Short term, a lefthanded drill and an easy-out would be preferred. If you can center punch the broken screw end and align yourself perpendicular to a flat face on the aluminum, your hole will not touch the aluminum. The action of center punching may also break some of the corroded bond between the screw and the aluminum. If the aluminum is something that can flex, even of only slightly (and what can’t?), then flexing it back and forth for a while may also disrupt the bond. Also, heating the entire assembly would help, because the aluminum will expand more than the steel and will increase the gap between them (aluminum has a higher coefficient of thermal expansion).

Word.
How big is the aluminum that contains the screw? Are you handy with a drill press?
Do you know any machinists? A machinist will drill that out in no time. If drilled carefully, the existing threads can be preserved, but a helicoil replacement is a great idea.

The aluminum is an about 1 foot square frame, the screws are in the corners so I don’t think I could flex it and there is paint on the outside that needs to be preserved. They’re like #8 screw.

I do know a machinist / metal workers who’s currently restoring another project for me. I own a hand drill but not a drill press.

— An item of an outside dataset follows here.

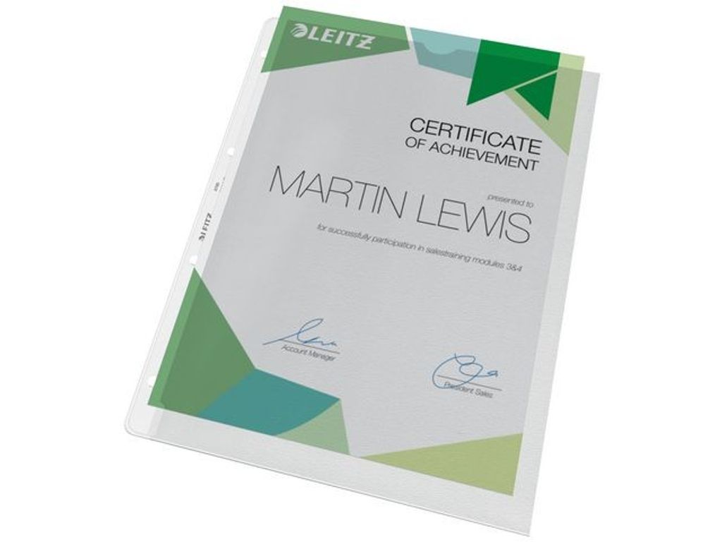 Ficka i toppkvalitet ficka för konstant användning. Multi-stansade hålremsa tillåter praktisk förvaring av dokument i olika pärmar.Präglad 0,13 mm återvinningsbar PP folie, Copysafe. Enkel åtkomst till dokument via urtaget och 2 öppna sidor. Öppen ovan- och vänstersida. 4 hål på hålremsan.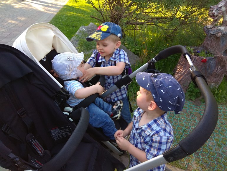 С тремя, конечно, мне оказалось сложнее, чем было с двумя. Как то не все я предусмотрела.. Бывают моменты, когда с тремя очень сложно что-то организовать. Не представляю, как бы я без помощи смогла каждый день водить старшего на процедуры, ЛФК, в бассейн..

I do have the proper safety equipement to work with acid left over from my college chemistry class days. I noticed concrete etcher is 15% nitric acid, would that be strong enough? Does an alum solution have to be heated to work, I did some searching and it seems you need to boil it.

It doesn’t need to boil but it should be heated. I’d guesstimate that 150 F would be sufficient. The hotter it is the faster it works, but if you’re in no hurry you can just leave it overnight or whatever. Just make sure the water doesn’t evaporate away.

1 foot square is kinda big as far as common household glassware goes, but maybe you could dip one edge in the solution at a time (using a glass baking dish or some such–over a foot long but less than a foot wide).

This. I do it all the time on the job.

Heating the aluminum may help, if you can. The hole will get wider faster than the steel bolt. Once heated an Easy-Out should work well. Assuming you don’t have to rethread or use a Heli-coil, you should get a fine threaded bolt to replace it, and use oil or Loc-Tite as needed to make it less or more removeable in the future, and protect from corrosion.

The OP said it is a #8 screw which would indicate a sheet metal type screw not a machine screw. So unless he can convert to a machine screw, heli coils are off the table.
#8 is kind of small and I doubt that even with my rather extensive collection of easy out I have one small enough to fit.
If the material is thick enough it could be drilled almost the full depth using a drill press then either use a larger sheet metal screw (#12?) or use a blind hole tap and use a machine screw.

You can carve a slot with a dremmel cutoff blade for a screw driver then jostle the screw around with a hammer and center punch/small chisel till it gets loose enough to unscrew.

Drill it out and use screw extractor best method.